The Syracuse University Abroad office is attempting to increase the number of abroad programs geared toward students in science, technology, engineering and math (STEM) fields.

Student Association members discussed that process with SU Abroad Recruitment Specialist Briana Rinaldo at SA’s Monday night meeting in Maxwell Auditorium. Assembly members also went over the undergraduate research program, the Orange Education Program and the recent voting approval of a director of diversity affairs position.

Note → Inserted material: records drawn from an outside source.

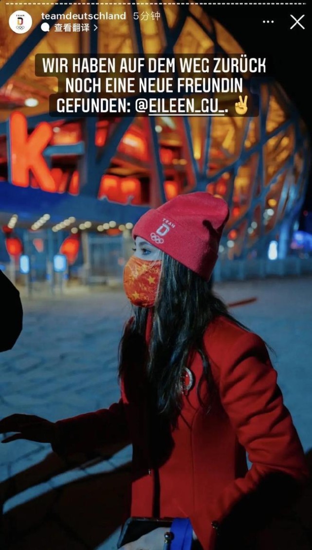 看到这一幕之后,德国代表团也在社交媒体公布了带着德国代表团保暖帽的谷爱凌的图片,并且写道,“在回去的路上,我们遇到了一个新朋友。”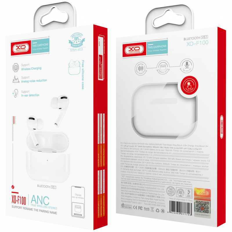 XO Design F100 Vezeték nélküli fülhallgató A F100 vezeték nélküli fülhallgató stabil kapcsolatot biztosít a Bluetooth v5.0 technológiának köszönhetően, és az Aktív zajszűrés (ANC) segít abban, hogy tiszta és érthető telefonbeszélgetéseket folytass. Specifikációk:
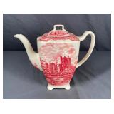 Vintage Strafordshire "English Scenic" Pink and White Tea Pot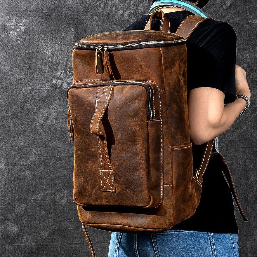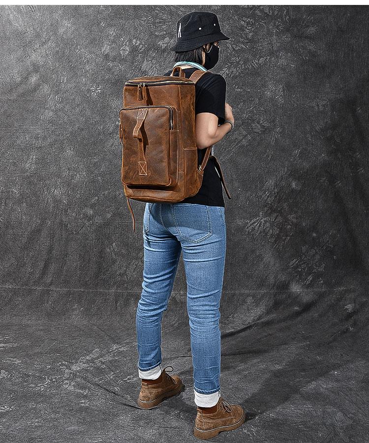 Design: Retro Brown Leather Mens 14" Laptop Backpack Hiking Backpack Travel Backpack Large Backpack for Men

Rinaldo said on Monday that while 90 percent of students come to SU with the desire to study abroad, fewer than 90 percent of students actually end up studying abroad. Rinaldo attributed this to certain roadblocks that come up and said that SU Abroad is doing a number of things to combat those roadblocks, including increasing the number of programs geared toward STEM students.

SA Vice President Jane Hong said she was pleased that the position of student director of diversity affairs, which SU students were able to vote for or against on MySlice last week, was approved by voters. Hong said that the next step will be to establish a written description of what the job would entail.

“This is a very flexible description that we are trying to flesh out,” Hong said. “This is new territory for us so we’re really trying to figure out what would work best with our population. But that’s really going to flow with the mistakes or with the successes that we have with this position.”

Hong also said that SU Chancellor Kent Syverud said he intends to accomplish all of the short-term recommendations put forth by the Chancellor’s Workgroup on Diversity and Inclusion by December 2016.

Additionally, SA President Aysha Seedat spoke more about the undergraduate research program. The deadline to apply for the program has been extended to Friday.

Seedat said that there is now $25,000 being allocated toward the initiative, up from the $20,000 of what SA had originally planned. She added that no undergraduate students will be reviewing the applications. The Office of Research will be bringing in faculty members to review all of the applications so that information of the applicants can be kept confidential.

Students applying for the grants need to be on campus during the summer and cannot have an already-funded research grant through another department or through the government, Seedat said.

Also at Monday’s meeting, Assemblywoman Madeleine Fitzgerald discussed the recent approval of the Orange Education Program, a pilot program that SA’s Academic Affairs Committee has worked to establish with the College of Arts and Sciences.

Fitzgerald said that upperclassmen, sponsored by a professor, will be able to give 15-20 minute lectures via a portal through the program. The students will be able to lecture on whatever subject they want, Fitzgerald said. The pilot will be run through the First-Year Forum.